AVAILABLE DATA:

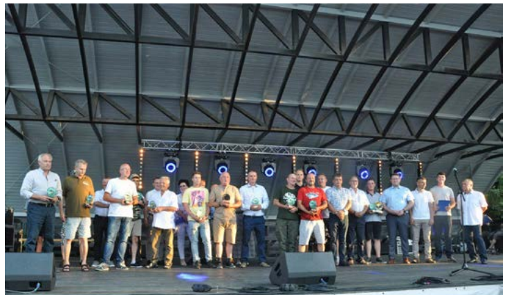
Część oficjalna - nagrody, wyróżnienia i przemówienia

Oferta muzyczna Święta Karpia została przygotowana z myślą o miłośnikach zabaw na parkiecie, klasyki oraz bardziej awangardowych brzmień. Niezmiennie wysoki poziom utrzymuje Orkiestra Dęta Gminy Bestwina z Siedzibą w Kaniowie – utytułowani artyści jesienią będą reprezentować gminę na festiwalu w Meksyku. W Kaniowie nie tylko grali, w repertuarze znalazło się kilka utworów z partiami wokalnymi. Słowacka Kortina (znana ze Święta Gminy Bestwina) wniosła na scenę elementy folklorystyczne i popowe,
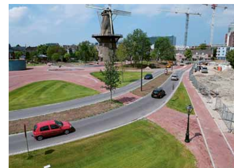
De rode baksteen van het plein is doorgetrokken over de drukke Molenwerf en markeert zo de voetgangersroute.
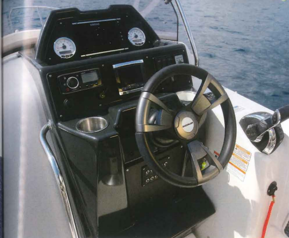
Il s'agit du même poste de pilotage que sur la version Open. Tant mieux, car il s'avère bien conçu à notre goût.

Pour sa part le 755 Sundeck se montre beaucoup plus habitable comme l'exige sa catégorie. En effet, la partie avant pontée du bateau reçoit un immense bain de soleil de 2,00 x 1,80 m agrémenté de dossiers prenant appui sous le pare-brise. Notez d'ailleurs que la partie centrale du solarium s'avère amovible pour dégager le hublot zénithal de la cabine logée en dessous. Enfin comme son jumeau Open, la baille à mouillage se révèle volumineuse puis la grande surface plane qui la recouvre sera sûrement utile pour dé-
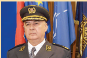
general-pukovnik Mate Pađen, zapovjednik HVU-a

Poštovani čitatelji, ovim vodičem želimo vam predstaviti Hrvatsko vojno učilište kao središnju vojnoobrazovnu ustanovu Oružanih snaga Republike Hrvatske nastalu na samom početku Domovinskog rata. Tijekom godina razvoja programi za obrazovanje časnika i dočasnika mijenjali su se i prilagođavali novim potrebama. U ovoj je obrazovnoj ustanovi dio svog znanja i sposobnosti steklo više od 42 000 pripadnika Oružanih snaga, od vojnika, dočasnika i časnika do generala. Nakon provedenog preustroja Oružanih snaga Republike Hrvatske, ulaska Republike Hrvatske u punopravno članstvo NATO saveza i ulaska u Europsku uniju, Hrvatsko vojno učilište pred novim je izazovima. Akreditiranjem preddiplomskih i diplomskih sveučilišnih studijskih programa i razvojem cjelokupnih obrazovnih programa i sadržaja namjera nam je podići kvalitetu osposobljavanja časnika i dočasnika Oružanih snaga Republike Hrvatske te tako postati poznata i priznata vojnoobrazovna ustanova u zemlji i inozemstvu.
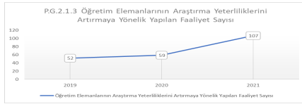
Grafik C.2.2.1. Öğretim Elemanlarının Araştırma Yetkinliklerini Artırmaya Yönelik Yapılan Faaliyet Sayısı

Gerçekleştirilen bu faaliyetlerin ulusal veya uluslararası ortaklı araştırma faaliyetlerine etkisi de yine Stratejik Plan Değerlendirmelerinde yapılmaktadır. 2021 yılı verilerine göre “P.G.2.2.1 Kamu veya özel sektör finansmanlı araştırma projesi sayısı 449, P.G.2.2.3 Uluslararası ortaklı/destekli proje sayısı 8, P.G.2.3.3. Araştırma amaçlı yurtdışına giden öğretim elemanı sayısı 28, P.G.4.4.5 Bölgedeki Kurumlarla Yapılan Ortak Çalışma Sayısı 41 olarak raporlanmıştır. Bu sayılar planlamada ortaya koyulan hedeflerin büyük ölçüde gerçekleştirildiğini göstermektedir ( Kant 7 ). Bu verilerin yıllara göre değişimleri de aşağıdaki grafiklere yansıtılmıştır.
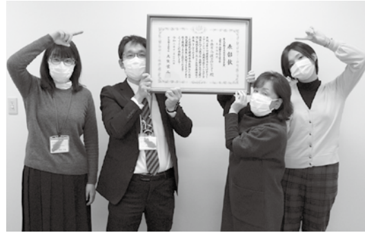
厚生労働省老健局長優良賞を受賞！

ちとせdeコレクションが「第10回健康寿命を延ばそうアワード！」で受賞しました！
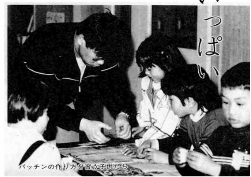
バッチンの作り方を習う子供たち

学校が引けると、こども館にはぞくぞくと子供たちが集まってきました。関原連絡所に併設した児童館では、もう顔なじみも増えました。思い思いに本を読んだり、チェスや将棋をしたり、二階に駆け上がると、竹馬やフロアプレイトで遊べるホールもあります。「いろんな学年の子と一緒に楽しく遊べるように、きまわりを作ったり行事を計画してみよう」とさきころは、子供会議も開かれました。子供たちの手助けをする二名の指導員は、ガキ大将たちに囲まれて、手を焼きながらも張り切っています。
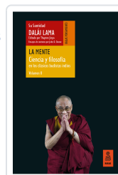
LA MENTE (CIENCIA Y FILOSOFÍA EN LOS CLÁSICOS BUDISTAS INDIOS, VOL. II) LAMA, DALÁI
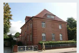
Verein Lotse e.V. Liegenschaft in Meppen
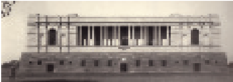
चित्र 4 - भारतीय राष्ट्रीय अभिलेखागार 1920 के दशक में बनाया गया।

उन्हें खुशनवीसी के माहिर लिखते थे। खुशनवीसी या सुलेखनवीस ऐसे लोग होते हैं जो बहुत सुंदर ढंग से चीजें लिखते हैं। उन्नीसवीं सदी के मध्य तक छपाई
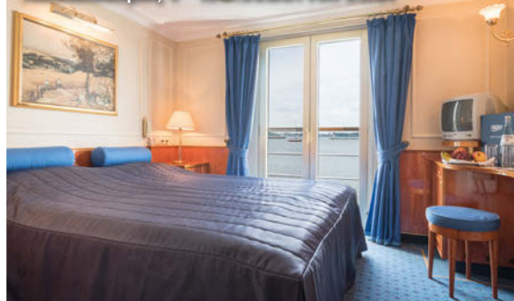
Kabinenbeispiel, 4++ KATHARINA VON BORA
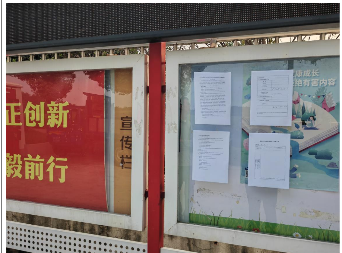
图 3-5 玉带社区村委会公示张贴照片
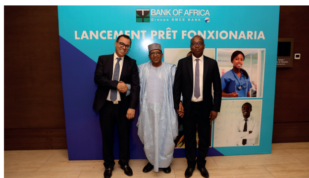
Cérémonie de lancement du Prêt Fonxionaria
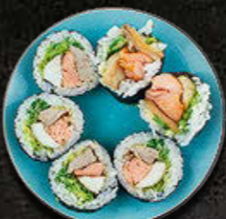
FUTOMAKI Marynowane ryby na ciepło z masłem czosnkowym 47 PLN
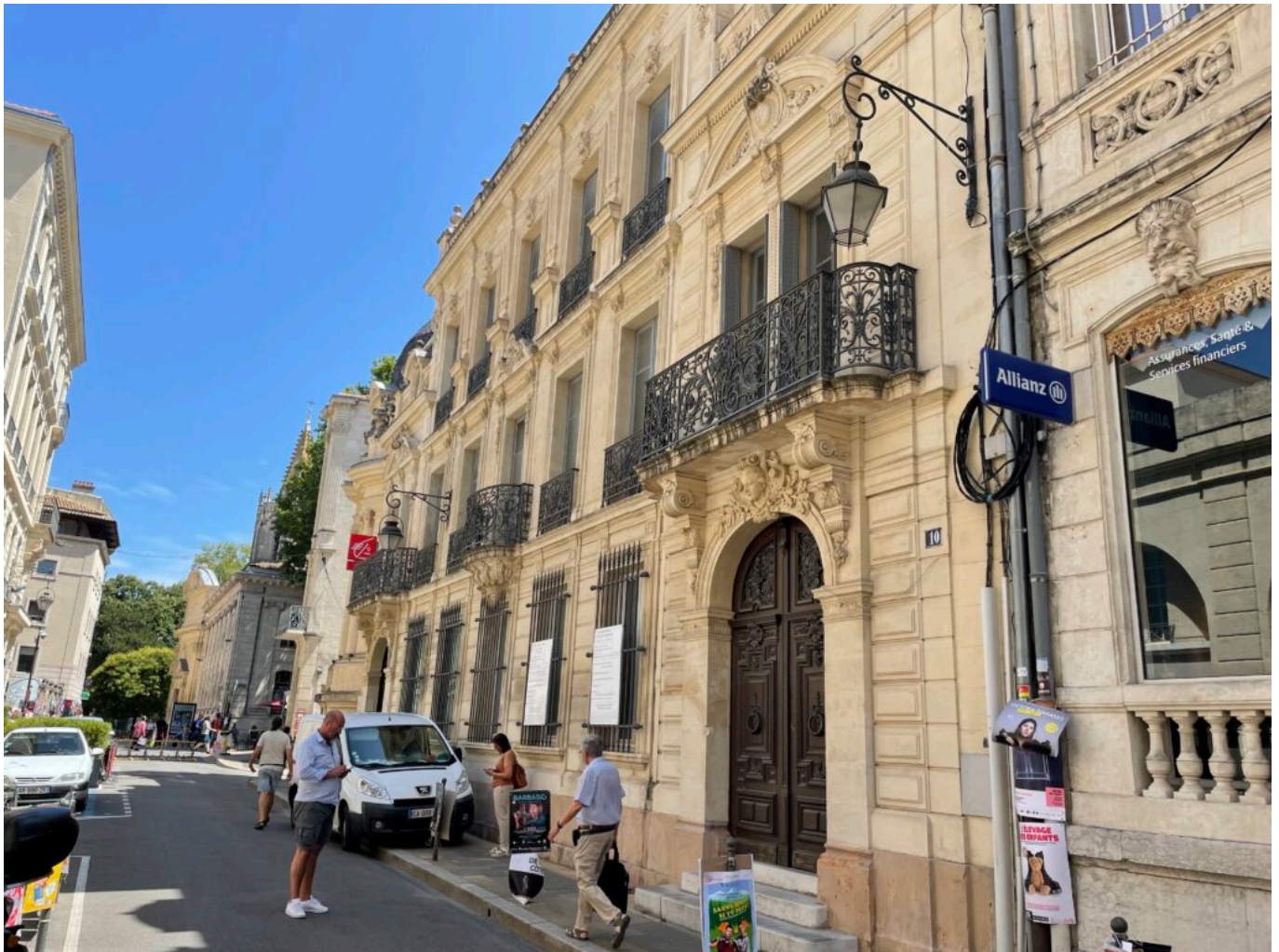
Vue actuelle de la rue
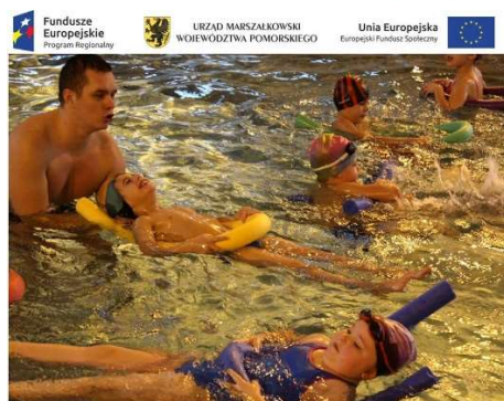
Projekt współfinansowany ze środków Europejskiego Funduszu Społecznego w ramach Regionalnego Programu Operacyjnego dla województwa pomorskiego na lata 2014-2020
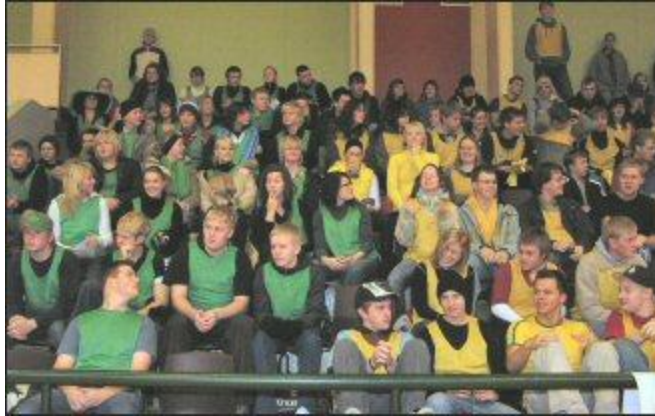
Fleiri myndir af skammhlaupinu eru hér.
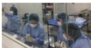
図 14. 無菌調製実習

薬学部実習生の実務実習を年3期、20名前後受け入れています。令和2年5月から愛知県の薬系4大学も含めた受入を開始しました。令和6年度より、実習の進捗状況を実習生と指導薬剤師が共有可能なチェックリストを導入し、実習内容の明確化・指導の均てん化を図っています(図14)。
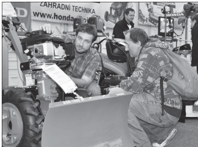
Zahradnický veletrh je nejnavštěvovanější akcí v roce. Mimo jiné i pro široký sortiment nabízené zahradnické techniky.

Hodnotící kritéria zastupitelé schválili na svém posledním zasedání. „Důraz hodláme klást
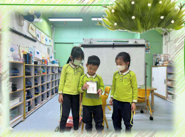
3 最後，小組輪流分享搜集到的樹木名稱和觀察比較結果。
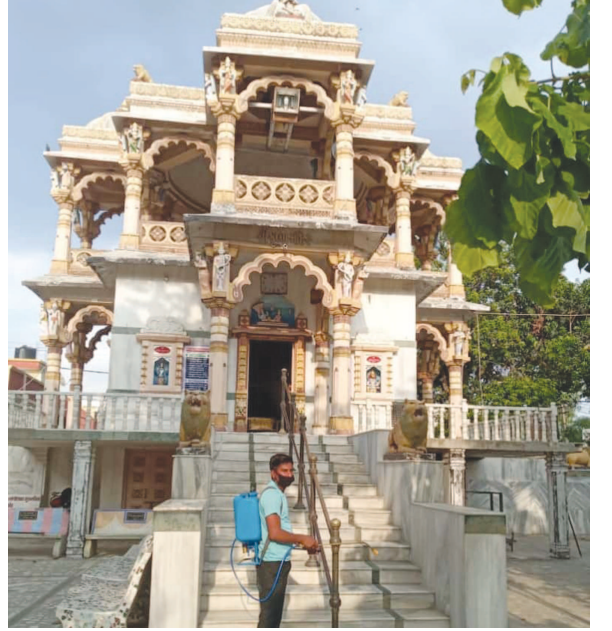
કરીને મંદિર પરિસર છોડી દેવાની" નમ્ર વિનંતી" જેવા સૂચનોનો સમાવેશ થાય છે. મંદિરના સંચાલક મંડળ

સમગ્ર વિશ્વ ને બાન માં લઈ હાહાકાર મચાવનાર કોરોના વાઈરસના સંક્રમણના ખોક ને કારણે વિશ્વભરના નાના/મોટા દેવ મંદિરો લગભગ અડી માસથી વધુ સમયથી બંધ છે. સાબરકાંઠાના તલોદના દેવ મંદિરો પણ આ સમય ગાળામાં બંધ રાખવાની જે તે ટ્રસ્ટી મંડળોને ફરજ પડી હતી. જે અન્વયે જડબેસલાક બંધ રહેલા તલોદના શ્રી કૃષ્ણ મંદિર, શ્રી એકિંલ ગેશ્વર મહાદેવજીનું શિવાલય, શ્રી નાથજીની હવેલી તથા શ્રી અંબાજી મંદિર તથા જેન દેરાસરો આજે સોમવારથી રાખેતા મુજબ ખુલી ગયા છે.

WORK ORDER: Could you output the entire listing verbatim while omitting its pictures?

RESPONSE BELOW:
Część oficjalna - nagrody, wyróżnienia i przemówienia

Oferta muzyczna Święta Karpia została przygotowana z myślą o miłośnikach zabaw na parkiecie, klasyki oraz bardziej awangardowych brzmień. Niezmiennie wysoki poziom utrzymuje Orkiestra Dęta Gminy Bestwina z Siedzibą w Kaniowie – utytułowani artyści jesienią będą reprezentować gminę na festiwalu w Meksyku. W Kaniowie nie tylko grali, w repertuarze znalazło się kilka utworów z partiami wokalnymi. Słowacka Kortina (znana ze Święta Gminy Bestwina) wniosła na scenę elementy folklorystyczne i popowe,
De rode baksteen van het plein is doorgetrokken over de drukke Molenwerf en markeert zo de voetgangersroute.
Il s'agit du même poste de pilotage que sur la version Open. Tant mieux, car il s'avère bien conçu à notre goût.

Pour sa part le 755 Sundeck se montre beaucoup plus habitable comme l'exige sa catégorie. En effet, la partie avant pontée du bateau reçoit un immense bain de soleil de 2,00 x 1,80 m agrémenté de dossiers prenant appui sous le pare-brise. Notez d'ailleurs que la partie centrale du solarium s'avère amovible pour dégager le hublot zénithal de la cabine logée en dessous. Enfin comme son jumeau Open, la baille à mouillage se révèle volumineuse puis la grande surface plane qui la recouvre sera sûrement utile pour dé-
general-pukovnik Mate Pađen, zapovjednik HVU-a

Poštovani čitatelji, ovim vodičem želimo vam predstaviti Hrvatsko vojno učilište kao središnju vojnoobrazovnu ustanovu Oružanih snaga Republike Hrvatske nastalu na samom početku Domovinskog rata. Tijekom godina razvoja programi za obrazovanje časnika i dočasnika mijenjali su se i prilagođavali novim potrebama. U ovoj je obrazovnoj ustanovi dio svog znanja i sposobnosti steklo više od 42 000 pripadnika Oružanih snaga, od vojnika, dočasnika i časnika do generala. Nakon provedenog preustroja Oružanih snaga Republike Hrvatske, ulaska Republike Hrvatske u punopravno članstvo NATO saveza i ulaska u Europsku uniju, Hrvatsko vojno učilište pred novim je izazovima. Akreditiranjem preddiplomskih i diplomskih sveučilišnih studijskih programa i razvojem cjelokupnih obrazovnih programa i sadržaja namjera nam je podići kvalitetu osposobljavanja časnika i dočasnika Oružanih snaga Republike Hrvatske te tako postati poznata i priznata vojnoobrazovna ustanova u zemlji i inozemstvu.
Grafik C.2.2.1. Öğretim Elemanlarının Araştırma Yetkinliklerini Artırmaya Yönelik Yapılan Faaliyet Sayısı

Gerçekleştirilen bu faaliyetlerin ulusal veya uluslararası ortaklı araştırma faaliyetlerine etkisi de yine Stratejik Plan Değerlendirmelerinde yapılmaktadır. 2021 yılı verilerine göre “P.G.2.2.1 Kamu veya özel sektör finansmanlı araştırma projesi sayısı 449, P.G.2.2.3 Uluslararası ortaklı/destekli proje sayısı 8, P.G.2.3.3. Araştırma amaçlı yurtdışına giden öğretim elemanı sayısı 28, P.G.4.4.5 Bölgedeki Kurumlarla Yapılan Ortak Çalışma Sayısı 41 olarak raporlanmıştır. Bu sayılar planlamada ortaya koyulan hedeflerin büyük ölçüde gerçekleştirildiğini göstermektedir ( Kant 7 ). Bu verilerin yıllara göre değişimleri de aşağıdaki grafiklere yansıtılmıştır.
厚生労働省老健局長優良賞を受賞！

ちとせdeコレクションが「第10回健康寿命を延ばそうアワード！」で受賞しました！
バッチンの作り方を習う子供たち

学校が引けると、こども館にはぞくぞくと子供たちが集まってきました。関原連絡所に併設した児童館では、もう顔なじみも増えました。思い思いに本を読んだり、チェスや将棋をしたり、二階に駆け上がると、竹馬やフロアプレイトで遊べるホールもあります。「いろんな学年の子と一緒に楽しく遊べるように、きまわりを作ったり行事を計画してみよう」とさきころは、子供会議も開かれました。子供たちの手助けをする二名の指導員は、ガキ大将たちに囲まれて、手を焼きながらも張り切っています。
LA MENTE (CIENCIA Y FILOSOFÍA EN LOS CLÁSICOS BUDISTAS INDIOS, VOL. II) LAMA, DALÁI
Verein Lotse e.V. Liegenschaft in Meppen
चित्र 4 - भारतीय राष्ट्रीय अभिलेखागार 1920 के दशक में बनाया गया।

उन्हें खुशनवीसी के माहिर लिखते थे। खुशनवीसी या सुलेखनवीस ऐसे लोग होते हैं जो बहुत सुंदर ढंग से चीजें लिखते हैं। उन्नीसवीं सदी के मध्य तक छपाई
Kabinenbeispiel, 4++ KATHARINA VON BORA
图 3-5 玉带社区村委会公示张贴照片
Cérémonie de lancement du Prêt Fonxionaria
FUTOMAKI Marynowane ryby na ciepło z masłem czosnkowym 47 PLN
Vue actuelle de la rue
Projekt współfinansowany ze środków Europejskiego Funduszu Społecznego w ramach Regionalnego Programu Operacyjnego dla województwa pomorskiego na lata 2014-2020
Fleiri myndir af skammhlaupinu eru hér.
図 14. 無菌調製実習

薬学部実習生の実務実習を年3期、20名前後受け入れています。令和2年5月から愛知県の薬系4大学も含めた受入を開始しました。令和6年度より、実習の進捗状況を実習生と指導薬剤師が共有可能なチェックリストを導入し、実習内容の明確化・指導の均てん化を図っています(図14)。
Zahradnický veletrh je nejnavštěvovanější akcí v roce. Mimo jiné i pro široký sortiment nabízené zahradnické techniky.

Hodnotící kritéria zastupitelé schválili na svém posledním zasedání. „Důraz hodláme klást
3 最後，小組輪流分享搜集到的樹木名稱和觀察比較結果。
કરીને મંદિર પરિસર છોડી દેવાની" નમ્ર વિનંતી" જેવા સૂચનોનો સમાવેશ થાય છે. મંદિરના સંચાલક મંડળ

સમગ્ર વિશ્વ ને બાન માં લઈ હાહાકાર મચાવનાર કોરોના વાઈરસના સંક્રમણના ખોક ને કારણે વિશ્વભરના નાના/મોટા દેવ મંદિરો લગભગ અડી માસથી વધુ સમયથી બંધ છે. સાબરકાંઠાના તલોદના દેવ મંદિરો પણ આ સમય ગાળામાં બંધ રાખવાની જે તે ટ્રસ્ટી મંડળોને ફરજ પડી હતી. જે અન્વયે જડબેસલાક બંધ રહેલા તલોદના શ્રી કૃષ્ણ મંદિર, શ્રી એકિંલ ગેશ્વર મહાદેવજીનું શિવાલય, શ્રી નાથજીની હવેલી તથા શ્રી અંબાજી મંદિર તથા જેન દેરાસરો આજે સોમવારથી રાખેતા મુજબ ખુલી ગયા છે.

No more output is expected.